That about sums up my daily walks on San Francisco’s Bernal Hill. (There’s a Beatles tune for every occasion.) It’s not that I’ve become a guru, like the Mahirishi Mahesh Yogi, who briefly bedazzled John and George (who then both took wicked revenge on the giggling spiritual leader). But my head is constantly spinning around ever since my stroke in 2017, and my vision is off-kilter too. So taking an afternoon spin around my steep neighborhood is always a crazy kind of trek, and today it had me singing about that other fool on a hill.

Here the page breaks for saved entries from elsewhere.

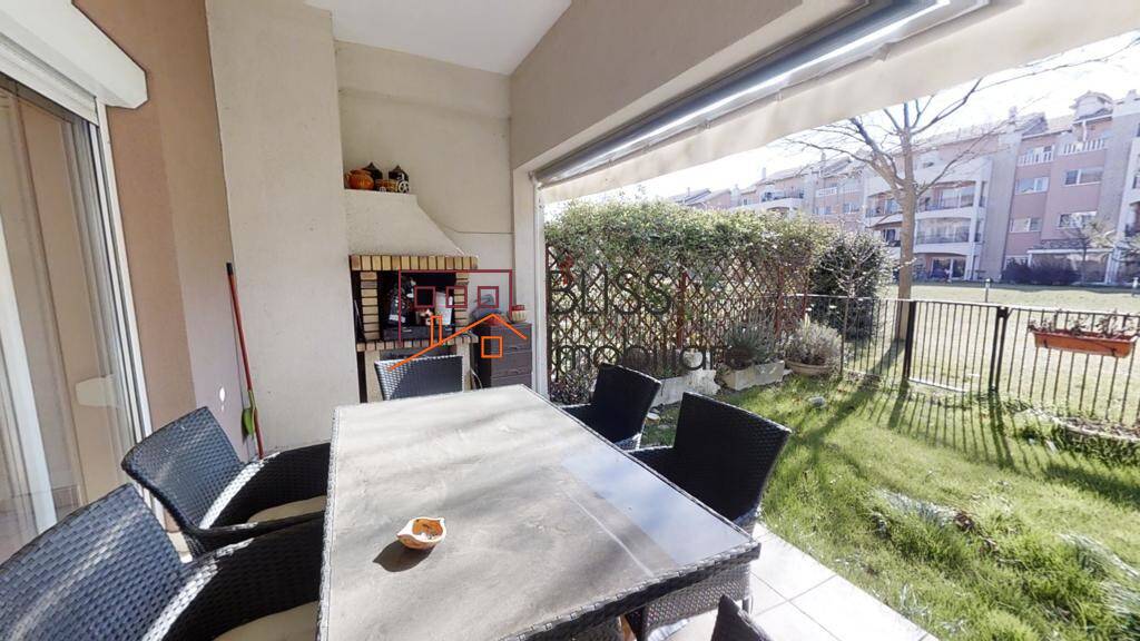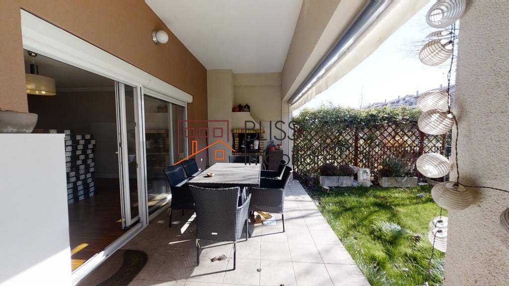 Apartamentul este situat la parter, are patru camere, doua bai, o terasa si gradina spatioasa cu acces direct catre piscina.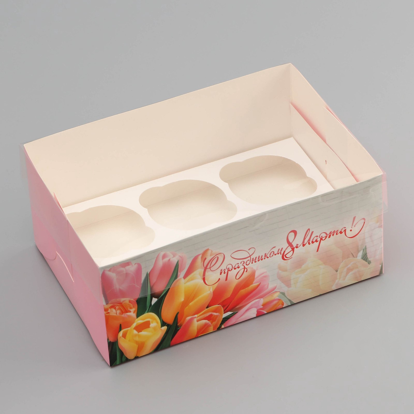 Коробка на 6 капкейков С праздником 8 марта, 23*16*10 см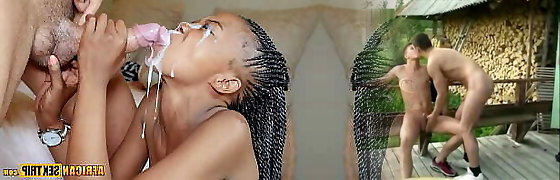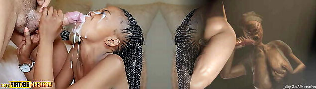 Natural Ebony African MILF Facial in Interracial Job Interview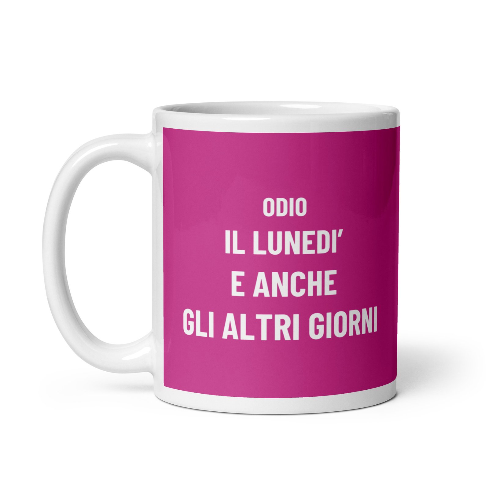 Diciamolo chiaramente: qui non si fanno sconti alla realtà. La scritta “Odio il lunedì. E anche gli altri giorni” è la confessione sincera di chi ha smesso di fingere entusiasmo e ha abbracciato il lato oscuro della settimana… e non solo. Perché, in fondo, chi ha bisogno di ottimismo quando puoi avere umorismo nero?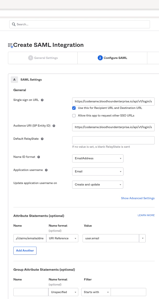 The following attribute settings are required for Okta to integrate with BloodHound Enterprise: Complete SAML Integration Configuration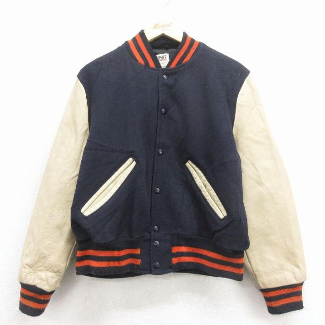 古着 デロング 長袖 スタジャン キッズ ボーイズ 子供服 90年代 90s 袖レザー USA製 黒 26feb04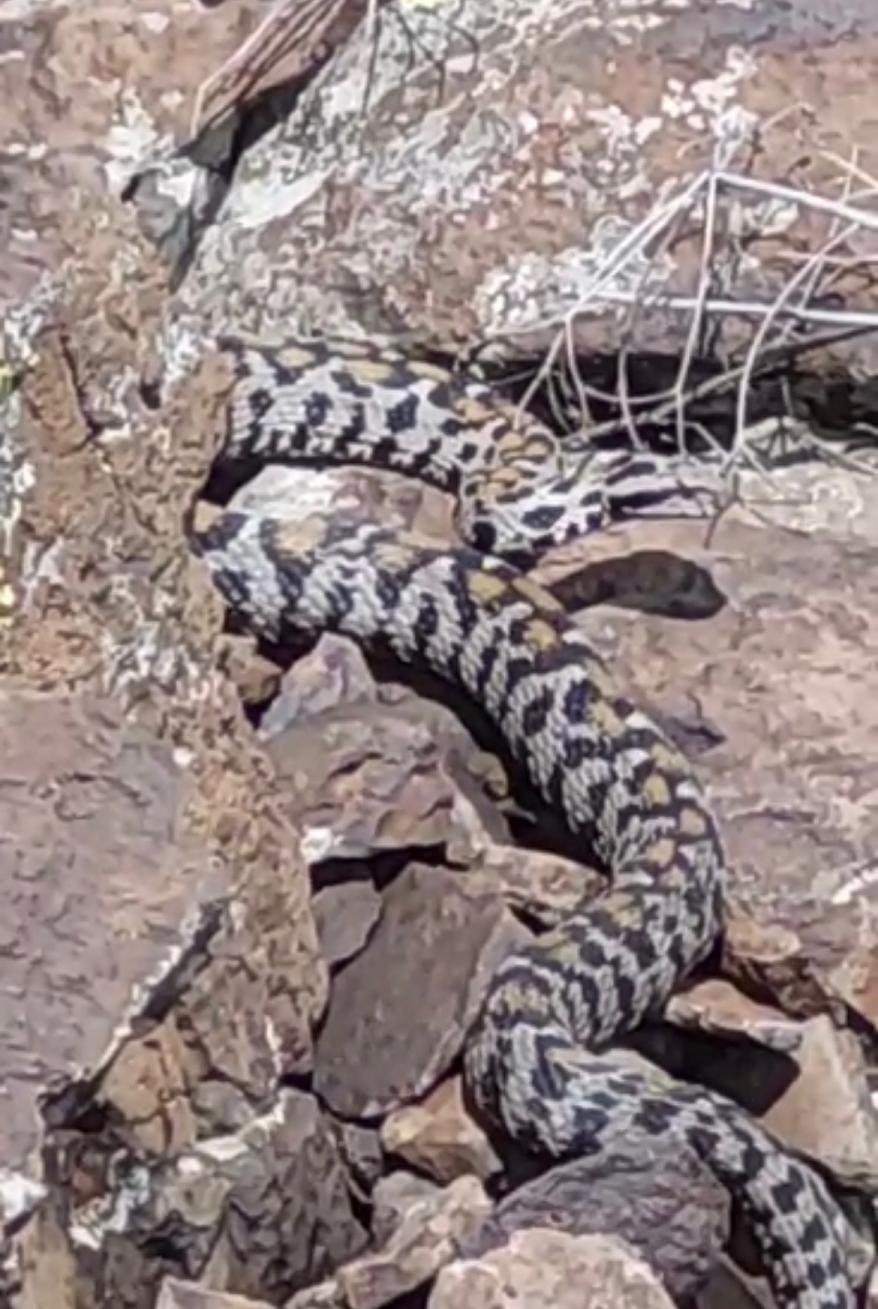 Doğa tutkunu İbrahim Altun ve arkadaşları, dağlık bölgede gezerken taşlar arasında bir yılan fark etti.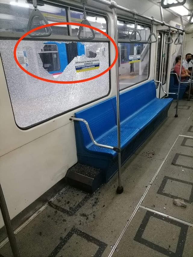 投石により窓ガラスが割れたMRT車両=21日、トゥガデ運輸相のフェイスブックより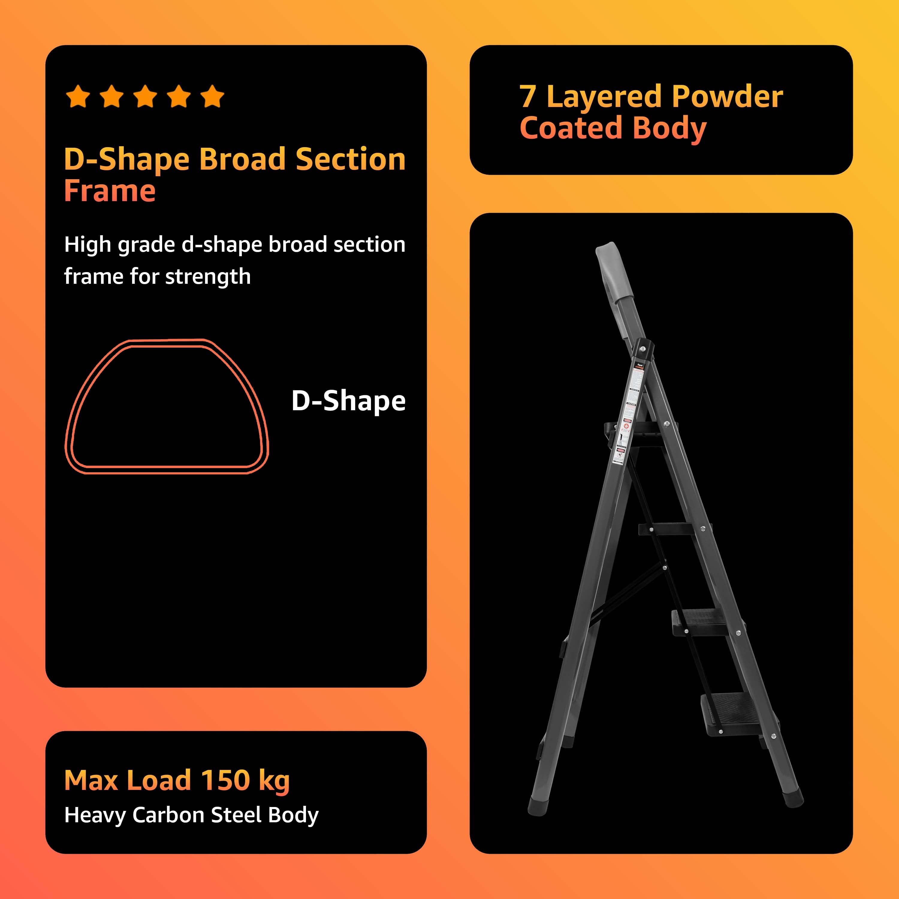 Equal Carbon-Series 4-Step Folding Ladder for Home & Office with Wide Anti-Skid Steps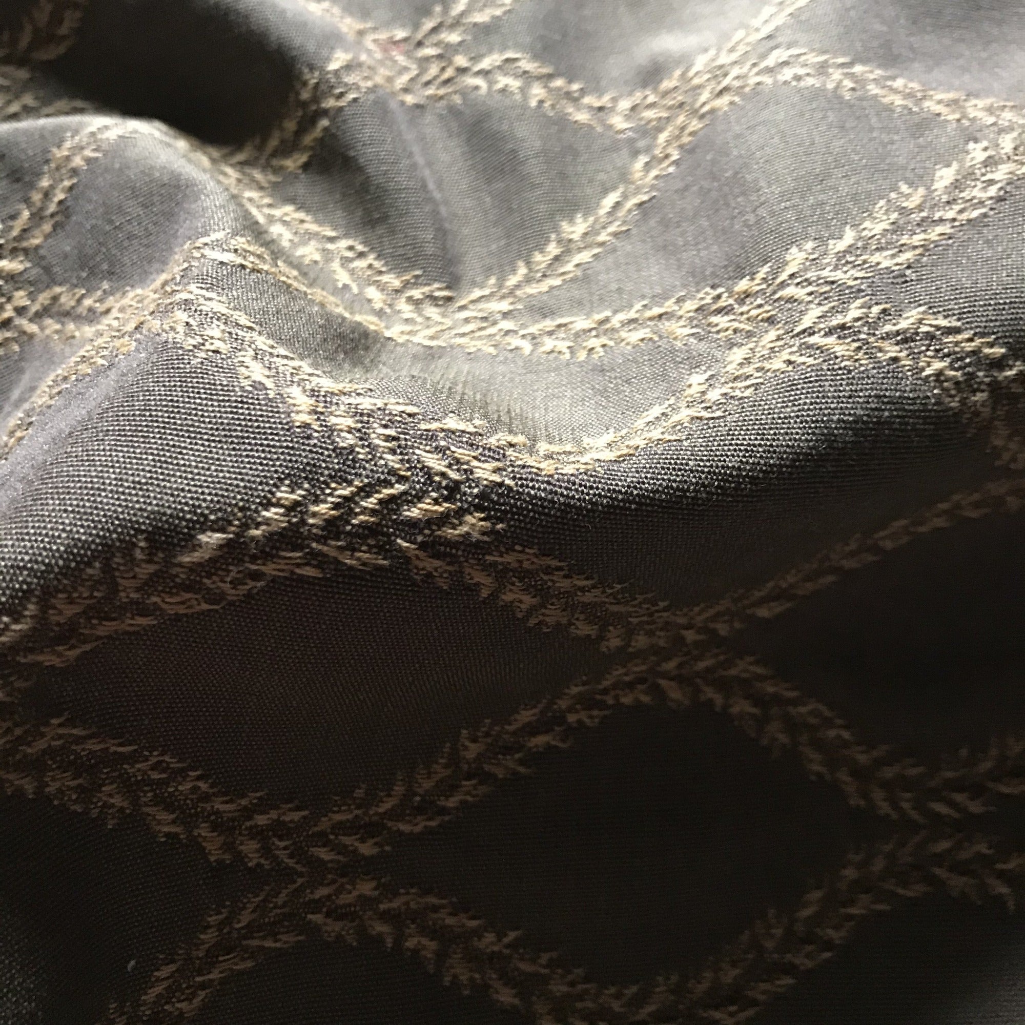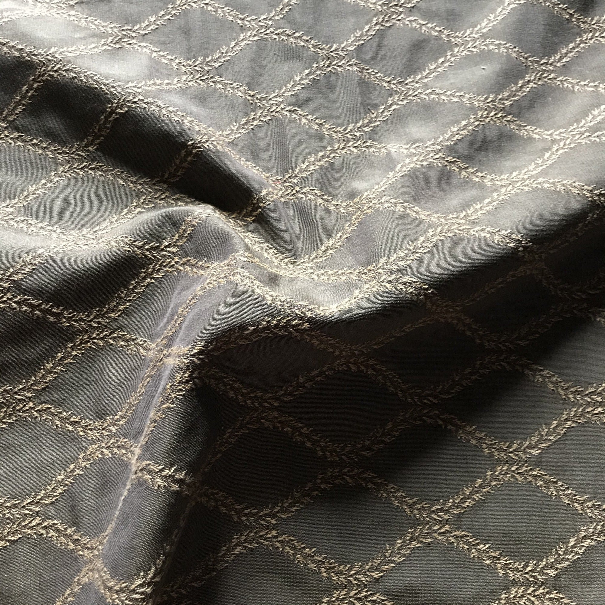Enliven any interior with this Olive Ogee Vine Embroidered Upholstery Fabric 54", perfect for all your upholstery needs. Give your bedding, chairs, cushions, windows and more a fresh new look with our selection of high quality fabrics curated by a team of forward thinking designers. Having limitless uses, this luxurious olive embroidered upholstery fabric meets flair with versatility, offering the perfect personal touch for any Traditional aesthetic. Designed to last, this fabric can provide the perfect look for your home. All fabric is sold by the yard in 1-yard increments. Unfortunately, we do not accept returns on fabric orders but samples are available by purchasing a $2 swatch.

My life is a daily strain. Who’s isn’t? Despite my “deficits” (I love those accounting terms), I still count myself lucky to be alive. So much has happened in my life in the past three-and-a-half years. So many wonderful (and occasionally terrifying) events in the lives of family and friends — not to mention America at large. I’m here, I’m alive — in fact I feel more fully alive than I was before my medical catastrophe.

It’s true, I can’t hop in a car (or plane) and take off somewhere fun or exotic. My physical damage (and the pandemic) has made me more house-bound. And so my neighborhood has become my domain. From the top of Bernal Heights, I can see the world (or at least most of my city). I contain multitudes, and so does my limited empire. Increasingly bold coyotes, dog wranglers herding packs of canines, young women with crowns of curls speaking a language I’ve never heard before, techies talking a language I wish I’d never understood, dancers rehearsing their spins and leaps.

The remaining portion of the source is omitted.